Another well-known band I hesitate to bring up, cuz saying Sims sounds like the Offspring’s Dexter, while backwards, should allude to a distinctive vocal sound and style, is Styx. There, I said it. Sims sounds like like a punk rawk Dennis DeYoung (not the prettier, soft fruit, Tommy Shaw, who I blame for later ballads like “Don’t Let it End” and maybe other stuff I’m mentally blocking. Shaw was in Damn Yankees with a surprisingly-unembarrassed Nuge and a no-cred skippy named Jack Blades, formerly of mush rock wastes-of-talent Night Ranger). While Styx now makes many wanna wash afterwards, that’s mostly Killroy was Here, and some of the sissier passages of Paradise Rock – ya know, prog rock, back in the day when we still thought Rush ruled – but if you recall gruff lug nuts like “Renegade” and, I dunno, plenty of other stuff I have on vinyl LP as well as scratched-to-shit K-tel, you’ll know that yippy vocals sound pretty damn rockin’ over a pounding rhythm and group shout of “Catfight” or something equally balls-out.
So in 13 just-over-two-minute rockers, Gaza Strippers hit a stride and ride it all the way home.
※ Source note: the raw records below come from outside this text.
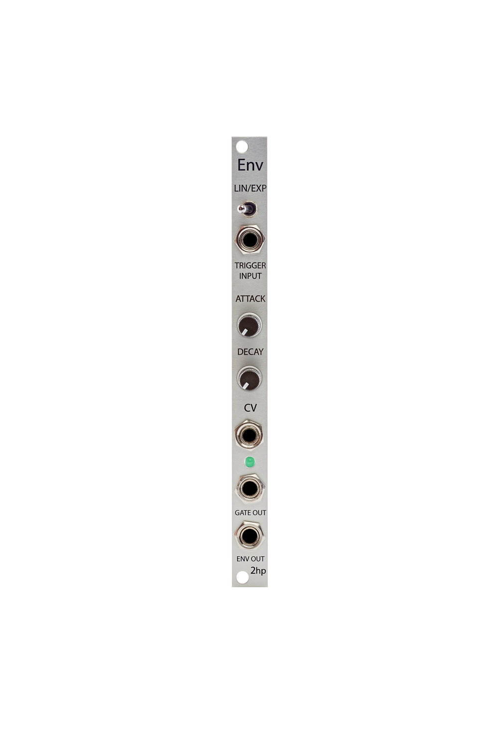 env is a multimode envelope capable of producing shapes that are short and snappy, or long and smooth. linear and exponential shapes are accessible.
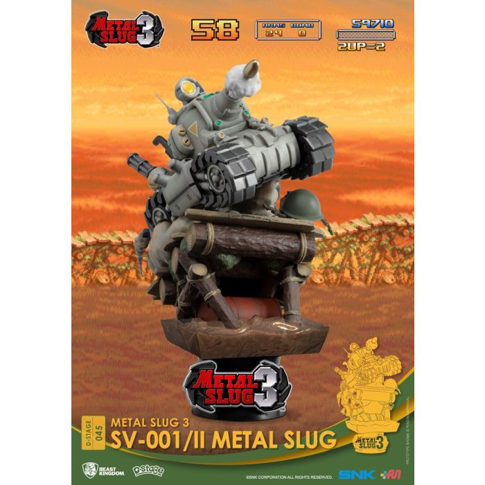 The 'staging your dreams' collection is back with a familiar scene from Metal Slug 3, a celebrated game from the SNK gaming series! Get ready for some real action with the SV-001/II Metal Slug, a battle tank that may look round, but packs a powerful punch. Recreated in 360-degree glory, the SV-001/II Metal Slug is seen in the midst of climbing a seriously unsteady looking wooden bridge and firing its famous canon!
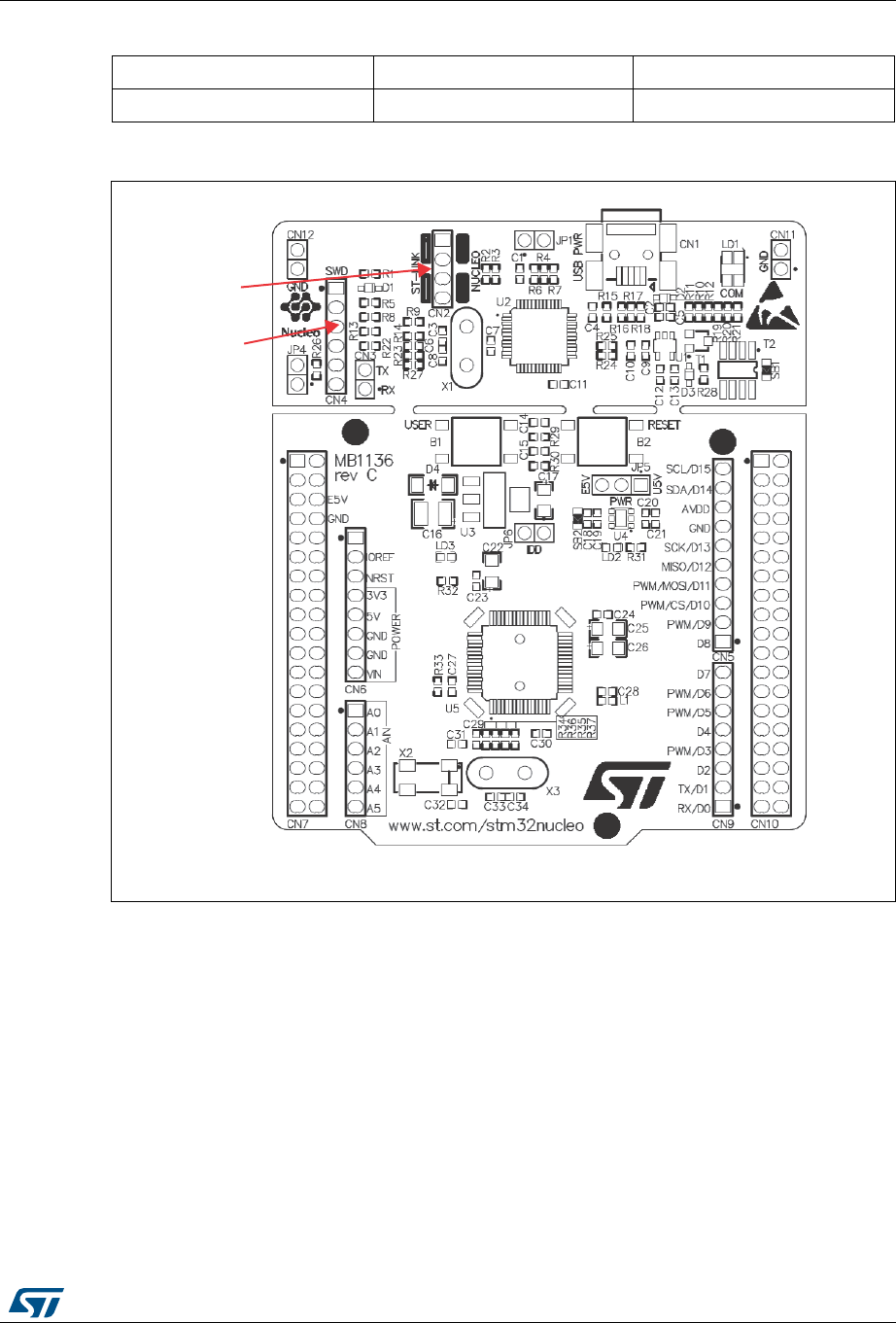 case VIN, E5V or +3V3 is used to power the Nucleo board, using an external power supply
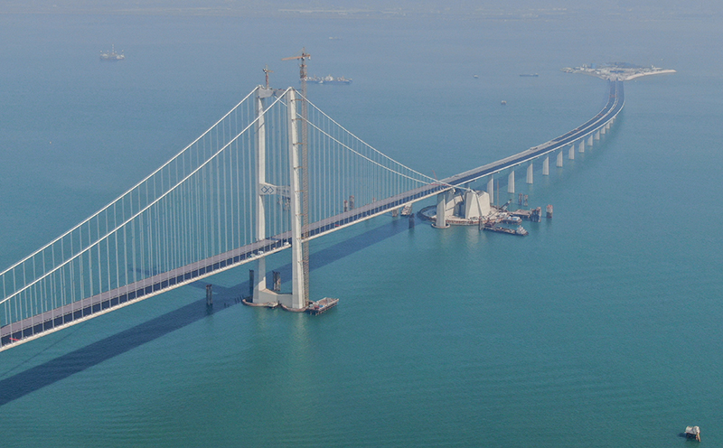 2023年11月28日,粤港澳大湾区超级工程深中通道主线正式贯通,这是深中通道伶仃洋大桥东塔及西人工岛(无人机照片)。新华社记者 邓华 摄
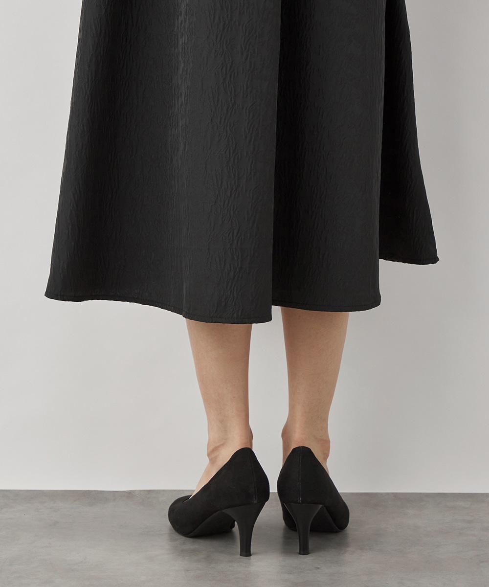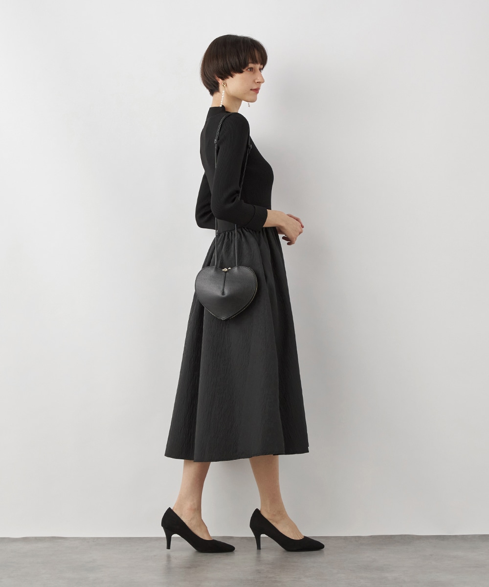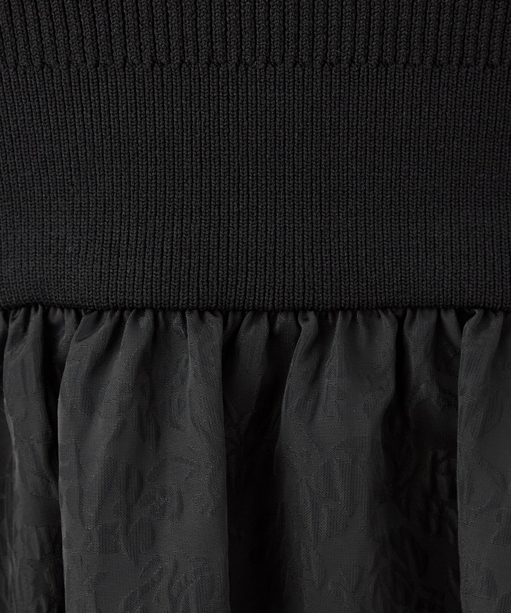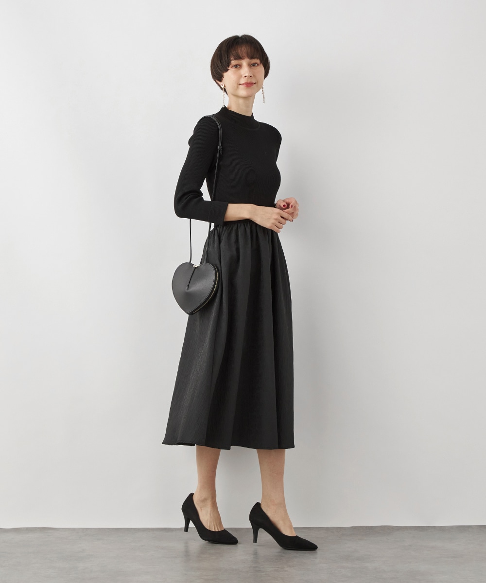 上身頃はポリエステル糸のニット、スカート部分は今季の気分にぴったりなジャカード素材を使用しています。さりげない柄の出方がエレガントな印象で、高級感のある表情も魅力です。適度なフレア感やミモレ丈のデザインはフェミニンさを引き立てます。アレンジ次第で幅広く活用できる1枚です。
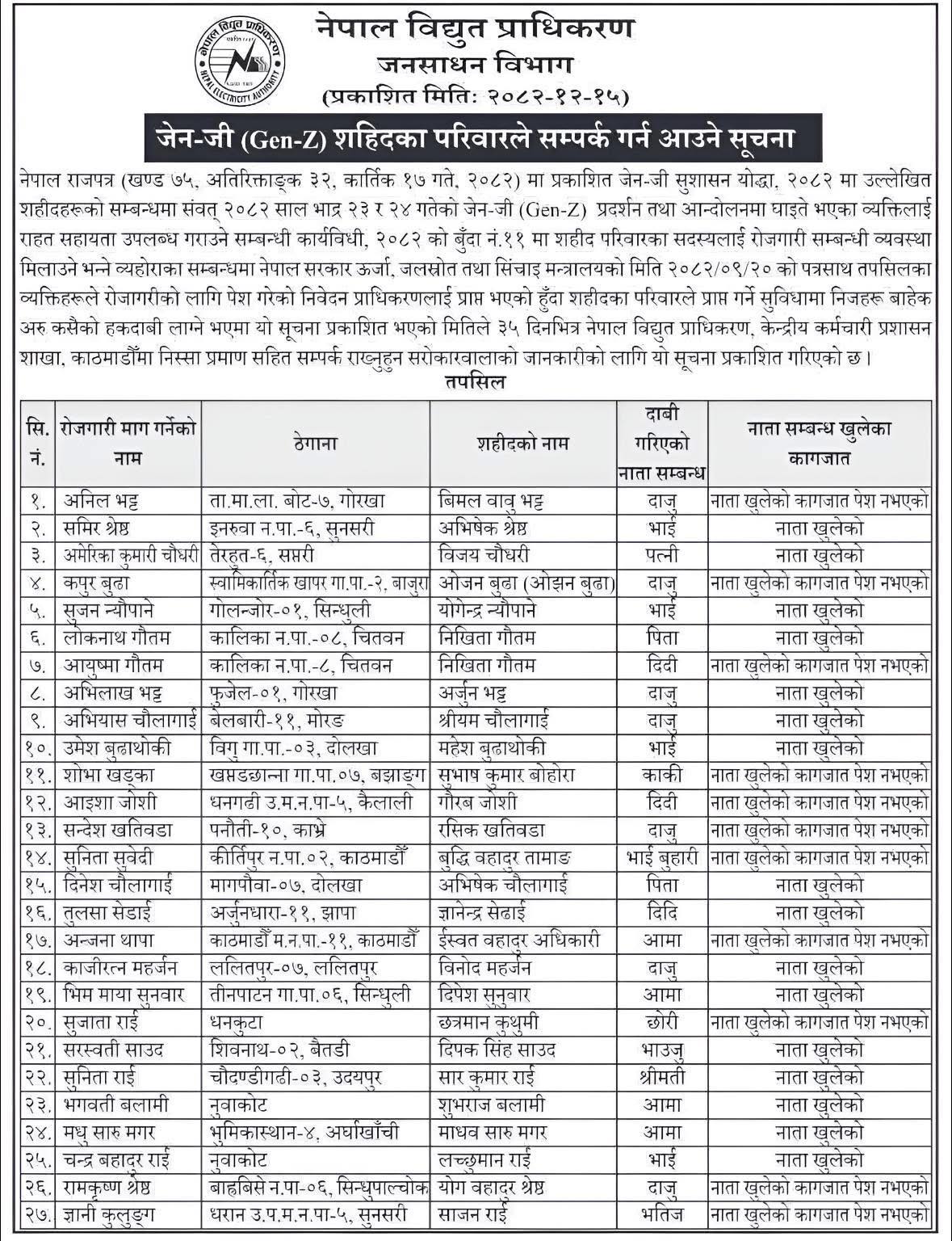 प्राधिकरणको मानव संसाधन विभागले सार्वजनिक गरेको सूचनाअनुसार शहीद परिवारका सदस्यको रूपमा दाबी गर्दै आवेदन दिएका २७ जनाको सूची सार्वजनिक गरिएको छ। ती व्यक्तिहरूलाई प्रचलित कार्यविधिअनुसार रोजगारीमा समावेश गरिने तयारी गरिएको हो।
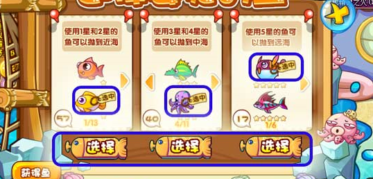2.进入选择鱼,每次抛鱼只能选择一个类别哦!
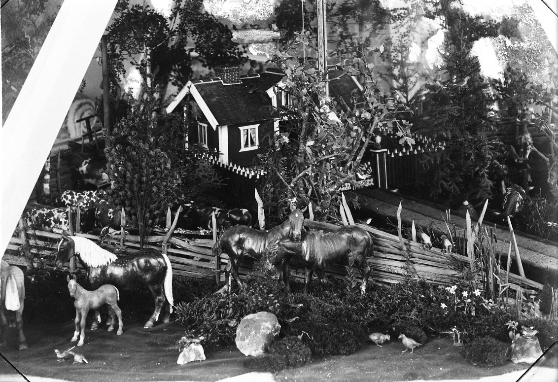 Fotografi av Fredrik Hård af Segerstads diorama med skulpterade figurer från livet på landet i Reaby: "Biologi i skulptur". I dioramat syns bland annat hästar, fåglar och fjäderfä.

Within a spin or two, you’ll’ve pegged the transitions (not that they’re predictable, really, just that they’re memorable like good hooks oughtta be) and be able to sing along (voice cracking like a pimple-faced 14-year-old cuz the range is too high). Funny cuz it takes a band like this to bridge the gap between punk and rock (or really use the phrase “punk rock” correctly, remembering it was designed to describe a re-introduction of danger and gonzo mayhem into music when rock was leaning more toward glittery, prancing art-rock: Queen, in a word).
Gaza Strippers splatter punk energy like a powerful sprinkler run amok, heave chunks of rock-solid concrete like beefy-brutes, solo chaotically like Angus and the Nuge once did (and the new school stage-staggerers like Nashville Pussy, et al. now do), and bring it all together once again. Almost half these songs could sneak on radio, get astonished response (once listeners picked themselves off the floor and realize they’ve been sleeepwalking since Back in Black), and change the face of rock radio (except for the fact that it’s the ads and not the listeners that dictate what gets played, but let’s avoid that sad truth, huh?). The bratty opener, “Outasight,” the pounding “Catfight,” the (Green Day) jumpy meets Offspring chorus “Juvenile Detention,” and, well, pretty much every other song’d be my pick. So get this thing, stupid!